>>
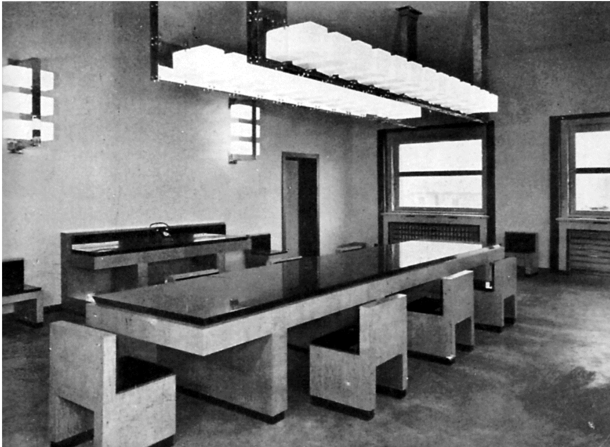
Fig. 4. Boardroom with Salpa leather floor, lamps using Artax cubes and F.I.P.'s furniture in grey and black buxus. Domus , n. 30 (1930), p. 66.

The building looked like a great “body” in the service of a great industry. «Light signals, ringtones, phones accelerate the work, organizing activities, the possibilities multiply in perfect step with the fastest machines of the big industry that feeds these offices» 15 .
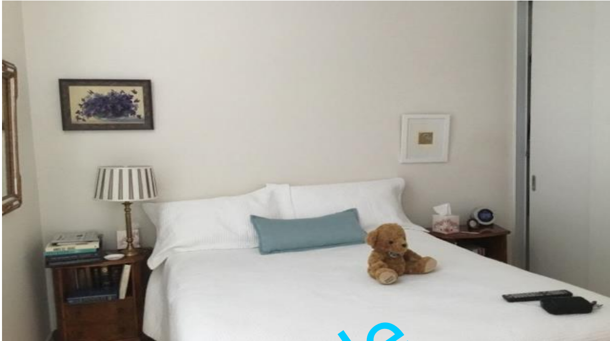
Image of the Master Bedroom

I inspected all elements within this room and I have not sighted any cracks or imperfections within the walls, floor and ceiling.
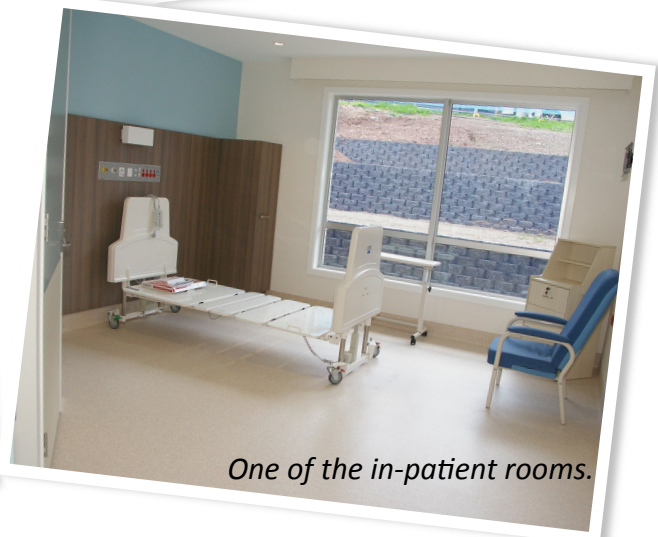
One of the in-patient rooms.

The Project Team seek your patience during the construction of the Bonalbo MPS and wish to advise that strategies are in place to keep disruption to a minimum.
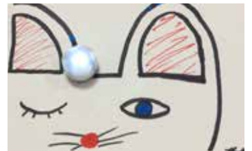
Hour of Code for Kids and Teens Page 6
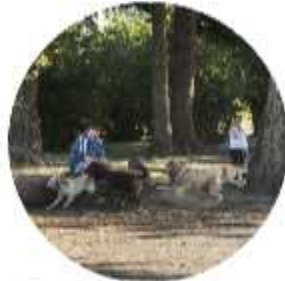
● Dog Park
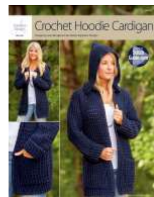
886014 Crochet Hoodie Cardigan $15.20
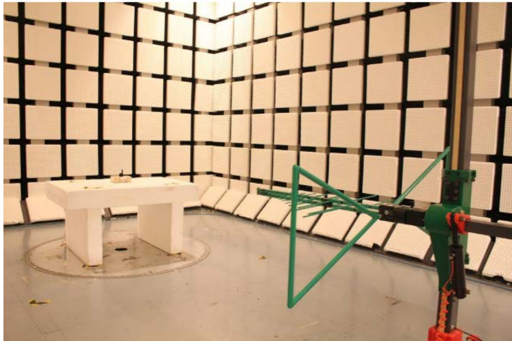
Frequency: 30MHz to 1GHz
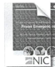
A Guide to Preparing for and Responding to Prison Emergencies...
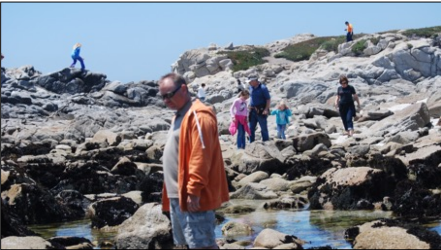
Image 10: People climbing rocks, tide pooling, and walking through Area 1 and near Nest Site A-1 on Point Pinos Islet

While the chicks on Nest Site A-1 and A-2 were growing, the Black Oystercatcher parents on both nests were particularly alert, especially when people brought their dogs out on the islet. Large dogs off-leash were a major concern and put both Black Oystercatcher pairs in extreme alert mode. Apart from people with dogs, the human activities that caused the most inadvertent disturbance included tide pooling, fishing, and photography.
<<
What is being asked: Would you write out exactly the lines above, starting at the line containing "The building looked" and stopping after the line containing "Image 10: People"? Omit the pictures.

Output below:
The building looked like a great “body” in the service of a great industry. «Light signals, ringtones, phones accelerate the work, organizing activities, the possibilities multiply in perfect step with the fastest machines of the big industry that feeds these offices» 15 .
Image of the Master Bedroom

I inspected all elements within this room and I have not sighted any cracks or imperfections within the walls, floor and ceiling.
One of the in-patient rooms.

The Project Team seek your patience during the construction of the Bonalbo MPS and wish to advise that strategies are in place to keep disruption to a minimum.
Hour of Code for Kids and Teens Page 6
● Dog Park
886014 Crochet Hoodie Cardigan $15.20
Frequency: 30MHz to 1GHz
A Guide to Preparing for and Responding to Prison Emergencies...
Image 10: People climbing rocks, tide pooling, and walking through Area 1 and near Nest Site A-1 on Point Pinos Islet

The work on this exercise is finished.